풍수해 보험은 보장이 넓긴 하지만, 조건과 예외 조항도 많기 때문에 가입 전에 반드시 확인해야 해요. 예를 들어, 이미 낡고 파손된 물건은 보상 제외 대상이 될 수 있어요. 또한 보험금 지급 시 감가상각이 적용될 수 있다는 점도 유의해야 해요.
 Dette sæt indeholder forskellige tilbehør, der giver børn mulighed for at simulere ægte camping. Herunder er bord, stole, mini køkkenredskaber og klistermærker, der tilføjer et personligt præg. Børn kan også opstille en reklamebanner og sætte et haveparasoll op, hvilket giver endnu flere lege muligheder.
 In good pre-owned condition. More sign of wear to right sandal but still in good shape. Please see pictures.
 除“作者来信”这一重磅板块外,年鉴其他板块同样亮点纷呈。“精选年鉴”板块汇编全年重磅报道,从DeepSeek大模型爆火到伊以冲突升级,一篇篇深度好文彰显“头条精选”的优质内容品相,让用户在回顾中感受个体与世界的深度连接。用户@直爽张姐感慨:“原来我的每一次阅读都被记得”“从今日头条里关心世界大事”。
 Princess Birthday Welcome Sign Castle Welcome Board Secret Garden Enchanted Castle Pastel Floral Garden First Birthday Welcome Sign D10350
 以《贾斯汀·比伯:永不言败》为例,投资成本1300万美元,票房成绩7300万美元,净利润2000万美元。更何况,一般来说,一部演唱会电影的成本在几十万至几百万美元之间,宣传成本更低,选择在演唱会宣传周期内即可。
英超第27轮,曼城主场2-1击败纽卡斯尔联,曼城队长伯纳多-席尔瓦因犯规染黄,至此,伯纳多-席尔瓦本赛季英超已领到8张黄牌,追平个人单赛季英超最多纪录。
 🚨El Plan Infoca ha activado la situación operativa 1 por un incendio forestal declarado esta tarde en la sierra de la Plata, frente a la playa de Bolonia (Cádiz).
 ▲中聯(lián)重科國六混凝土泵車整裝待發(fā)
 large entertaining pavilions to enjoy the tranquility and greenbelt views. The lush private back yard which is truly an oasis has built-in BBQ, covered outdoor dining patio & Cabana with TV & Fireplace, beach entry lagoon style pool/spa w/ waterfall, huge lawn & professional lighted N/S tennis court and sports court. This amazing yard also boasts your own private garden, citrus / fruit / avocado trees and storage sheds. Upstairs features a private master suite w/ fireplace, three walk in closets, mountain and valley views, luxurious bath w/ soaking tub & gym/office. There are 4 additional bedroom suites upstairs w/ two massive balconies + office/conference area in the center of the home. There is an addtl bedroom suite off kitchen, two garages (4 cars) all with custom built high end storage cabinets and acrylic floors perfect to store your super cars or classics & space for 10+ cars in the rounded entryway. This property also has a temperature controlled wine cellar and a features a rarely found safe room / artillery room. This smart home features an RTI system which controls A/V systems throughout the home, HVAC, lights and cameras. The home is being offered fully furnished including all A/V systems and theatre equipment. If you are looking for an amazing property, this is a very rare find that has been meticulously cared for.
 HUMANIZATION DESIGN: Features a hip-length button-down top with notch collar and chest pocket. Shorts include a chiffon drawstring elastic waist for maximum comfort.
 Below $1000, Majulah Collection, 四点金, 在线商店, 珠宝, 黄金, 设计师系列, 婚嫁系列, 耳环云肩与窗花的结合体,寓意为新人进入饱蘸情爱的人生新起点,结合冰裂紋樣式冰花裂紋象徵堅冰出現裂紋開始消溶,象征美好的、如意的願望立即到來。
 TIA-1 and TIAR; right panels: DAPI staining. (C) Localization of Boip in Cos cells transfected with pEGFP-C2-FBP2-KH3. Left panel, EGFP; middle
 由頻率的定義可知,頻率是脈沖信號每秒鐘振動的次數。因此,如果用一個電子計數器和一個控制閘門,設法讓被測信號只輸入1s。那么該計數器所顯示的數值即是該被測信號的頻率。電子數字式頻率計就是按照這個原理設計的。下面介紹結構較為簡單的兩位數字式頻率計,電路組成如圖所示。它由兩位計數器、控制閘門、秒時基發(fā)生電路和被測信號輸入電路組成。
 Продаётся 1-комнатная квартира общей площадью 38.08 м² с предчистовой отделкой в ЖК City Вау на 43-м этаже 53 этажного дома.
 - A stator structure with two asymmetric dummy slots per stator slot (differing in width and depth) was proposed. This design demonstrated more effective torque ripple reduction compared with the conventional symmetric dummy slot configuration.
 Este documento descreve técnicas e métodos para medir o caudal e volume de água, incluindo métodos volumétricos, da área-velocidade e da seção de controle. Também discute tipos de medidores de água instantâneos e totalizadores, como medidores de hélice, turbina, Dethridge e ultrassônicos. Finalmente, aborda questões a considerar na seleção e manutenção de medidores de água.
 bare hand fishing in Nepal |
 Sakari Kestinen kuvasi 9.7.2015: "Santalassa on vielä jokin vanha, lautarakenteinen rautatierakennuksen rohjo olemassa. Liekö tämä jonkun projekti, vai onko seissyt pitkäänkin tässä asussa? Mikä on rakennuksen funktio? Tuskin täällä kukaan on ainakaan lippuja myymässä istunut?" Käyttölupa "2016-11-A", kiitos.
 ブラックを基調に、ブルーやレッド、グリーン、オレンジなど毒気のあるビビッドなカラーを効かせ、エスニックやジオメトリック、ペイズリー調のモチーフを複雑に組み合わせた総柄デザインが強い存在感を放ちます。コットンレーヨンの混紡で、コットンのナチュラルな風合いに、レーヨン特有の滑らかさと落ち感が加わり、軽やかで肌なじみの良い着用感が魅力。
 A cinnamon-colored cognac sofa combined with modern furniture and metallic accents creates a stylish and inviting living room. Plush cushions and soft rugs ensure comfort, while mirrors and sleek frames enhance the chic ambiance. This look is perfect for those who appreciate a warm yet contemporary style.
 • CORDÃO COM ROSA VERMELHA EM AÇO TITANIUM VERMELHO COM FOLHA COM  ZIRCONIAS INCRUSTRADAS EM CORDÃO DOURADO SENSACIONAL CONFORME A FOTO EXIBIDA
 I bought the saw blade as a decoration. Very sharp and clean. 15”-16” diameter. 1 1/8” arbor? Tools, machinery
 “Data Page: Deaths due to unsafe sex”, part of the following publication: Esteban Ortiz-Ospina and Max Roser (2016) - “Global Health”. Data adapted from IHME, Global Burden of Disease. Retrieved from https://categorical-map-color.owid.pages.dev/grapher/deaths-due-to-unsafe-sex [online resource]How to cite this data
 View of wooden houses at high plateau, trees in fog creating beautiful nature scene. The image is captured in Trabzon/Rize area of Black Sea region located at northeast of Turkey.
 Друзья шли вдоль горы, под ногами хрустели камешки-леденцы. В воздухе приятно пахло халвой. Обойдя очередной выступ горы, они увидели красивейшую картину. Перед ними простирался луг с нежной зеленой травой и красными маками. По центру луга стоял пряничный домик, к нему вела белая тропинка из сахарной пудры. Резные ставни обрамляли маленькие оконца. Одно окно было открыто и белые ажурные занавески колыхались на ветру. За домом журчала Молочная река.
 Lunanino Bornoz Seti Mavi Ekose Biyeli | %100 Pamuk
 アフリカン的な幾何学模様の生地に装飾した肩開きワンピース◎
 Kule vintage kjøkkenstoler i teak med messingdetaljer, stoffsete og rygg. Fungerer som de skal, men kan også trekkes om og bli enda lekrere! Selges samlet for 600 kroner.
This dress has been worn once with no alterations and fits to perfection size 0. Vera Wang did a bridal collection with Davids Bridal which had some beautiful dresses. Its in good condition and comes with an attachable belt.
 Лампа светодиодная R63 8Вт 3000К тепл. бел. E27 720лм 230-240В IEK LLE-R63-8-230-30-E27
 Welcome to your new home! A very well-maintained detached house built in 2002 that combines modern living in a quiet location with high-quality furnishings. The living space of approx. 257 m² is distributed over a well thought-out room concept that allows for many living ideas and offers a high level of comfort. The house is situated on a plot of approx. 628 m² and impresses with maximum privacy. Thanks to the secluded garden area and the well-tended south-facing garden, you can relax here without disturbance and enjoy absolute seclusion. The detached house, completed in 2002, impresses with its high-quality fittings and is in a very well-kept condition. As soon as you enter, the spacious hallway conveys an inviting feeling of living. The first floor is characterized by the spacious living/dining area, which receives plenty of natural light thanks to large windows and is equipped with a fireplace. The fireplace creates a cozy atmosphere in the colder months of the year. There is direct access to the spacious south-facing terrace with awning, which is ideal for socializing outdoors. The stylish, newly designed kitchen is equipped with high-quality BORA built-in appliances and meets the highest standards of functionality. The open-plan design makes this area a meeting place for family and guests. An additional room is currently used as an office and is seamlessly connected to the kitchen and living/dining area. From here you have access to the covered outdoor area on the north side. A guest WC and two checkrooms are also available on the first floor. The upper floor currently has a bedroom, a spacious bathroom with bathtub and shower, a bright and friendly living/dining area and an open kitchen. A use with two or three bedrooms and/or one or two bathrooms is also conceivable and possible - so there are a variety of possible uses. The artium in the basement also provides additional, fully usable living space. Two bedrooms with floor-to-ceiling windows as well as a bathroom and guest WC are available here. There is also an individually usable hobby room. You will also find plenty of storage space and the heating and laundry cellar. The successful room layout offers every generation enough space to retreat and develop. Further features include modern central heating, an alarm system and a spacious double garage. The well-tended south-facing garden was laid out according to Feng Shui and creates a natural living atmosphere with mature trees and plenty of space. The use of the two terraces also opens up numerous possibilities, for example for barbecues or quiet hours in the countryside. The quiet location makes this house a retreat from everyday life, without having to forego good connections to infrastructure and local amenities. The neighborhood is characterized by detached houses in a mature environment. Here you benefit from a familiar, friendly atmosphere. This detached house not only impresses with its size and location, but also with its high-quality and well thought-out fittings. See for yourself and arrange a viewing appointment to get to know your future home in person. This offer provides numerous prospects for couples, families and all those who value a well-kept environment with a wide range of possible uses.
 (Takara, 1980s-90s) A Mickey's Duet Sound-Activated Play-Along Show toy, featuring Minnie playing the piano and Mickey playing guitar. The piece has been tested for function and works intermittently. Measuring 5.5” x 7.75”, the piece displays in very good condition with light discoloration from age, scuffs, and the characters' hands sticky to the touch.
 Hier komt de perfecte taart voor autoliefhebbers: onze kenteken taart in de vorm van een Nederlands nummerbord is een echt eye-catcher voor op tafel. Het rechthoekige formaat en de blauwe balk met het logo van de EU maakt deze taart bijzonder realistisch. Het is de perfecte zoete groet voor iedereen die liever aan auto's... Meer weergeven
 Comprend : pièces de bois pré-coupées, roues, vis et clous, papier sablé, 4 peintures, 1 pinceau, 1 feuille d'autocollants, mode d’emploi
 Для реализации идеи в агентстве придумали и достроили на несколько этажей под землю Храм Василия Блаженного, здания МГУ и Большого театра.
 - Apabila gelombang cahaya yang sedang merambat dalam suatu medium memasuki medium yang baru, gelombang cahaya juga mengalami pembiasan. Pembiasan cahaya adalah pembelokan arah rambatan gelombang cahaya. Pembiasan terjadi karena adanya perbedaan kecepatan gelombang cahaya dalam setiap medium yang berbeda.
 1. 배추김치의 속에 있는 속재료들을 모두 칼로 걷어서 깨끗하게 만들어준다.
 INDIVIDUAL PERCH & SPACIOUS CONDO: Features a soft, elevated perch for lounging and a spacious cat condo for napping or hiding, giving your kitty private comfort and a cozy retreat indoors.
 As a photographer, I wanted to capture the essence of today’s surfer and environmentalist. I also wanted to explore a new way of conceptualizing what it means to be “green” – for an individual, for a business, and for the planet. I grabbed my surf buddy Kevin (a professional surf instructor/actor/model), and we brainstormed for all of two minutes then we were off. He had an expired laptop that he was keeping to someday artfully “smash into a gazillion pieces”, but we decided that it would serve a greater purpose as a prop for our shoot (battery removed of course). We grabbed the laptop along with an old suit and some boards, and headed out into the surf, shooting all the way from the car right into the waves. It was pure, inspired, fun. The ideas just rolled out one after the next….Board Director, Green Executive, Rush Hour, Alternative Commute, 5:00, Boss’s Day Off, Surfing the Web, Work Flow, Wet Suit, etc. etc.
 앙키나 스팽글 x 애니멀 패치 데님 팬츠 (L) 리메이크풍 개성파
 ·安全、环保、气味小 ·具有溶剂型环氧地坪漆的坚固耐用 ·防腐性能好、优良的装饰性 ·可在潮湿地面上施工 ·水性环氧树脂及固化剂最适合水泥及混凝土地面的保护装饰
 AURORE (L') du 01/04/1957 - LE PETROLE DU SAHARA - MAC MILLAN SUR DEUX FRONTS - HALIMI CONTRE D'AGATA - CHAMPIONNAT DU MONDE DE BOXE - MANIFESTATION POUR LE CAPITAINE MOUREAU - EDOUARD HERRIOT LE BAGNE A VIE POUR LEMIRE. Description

Exercise details: Wherever the string "soft" occurs in the data, copy the line that holds it.

Answer to the exercise:
 A cinnamon-colored cognac sofa combined with modern furniture and metallic accents creates a stylish and inviting living room. Plush cushions and soft rugs ensure comfort, while mirrors and sleek frames enhance the chic ambiance. This look is perfect for those who appreciate a warm yet contemporary style.
 INDIVIDUAL PERCH & SPACIOUS CONDO: Features a soft, elevated perch for lounging and a spacious cat condo for napping or hiding, giving your kitty private comfort and a cozy retreat indoors.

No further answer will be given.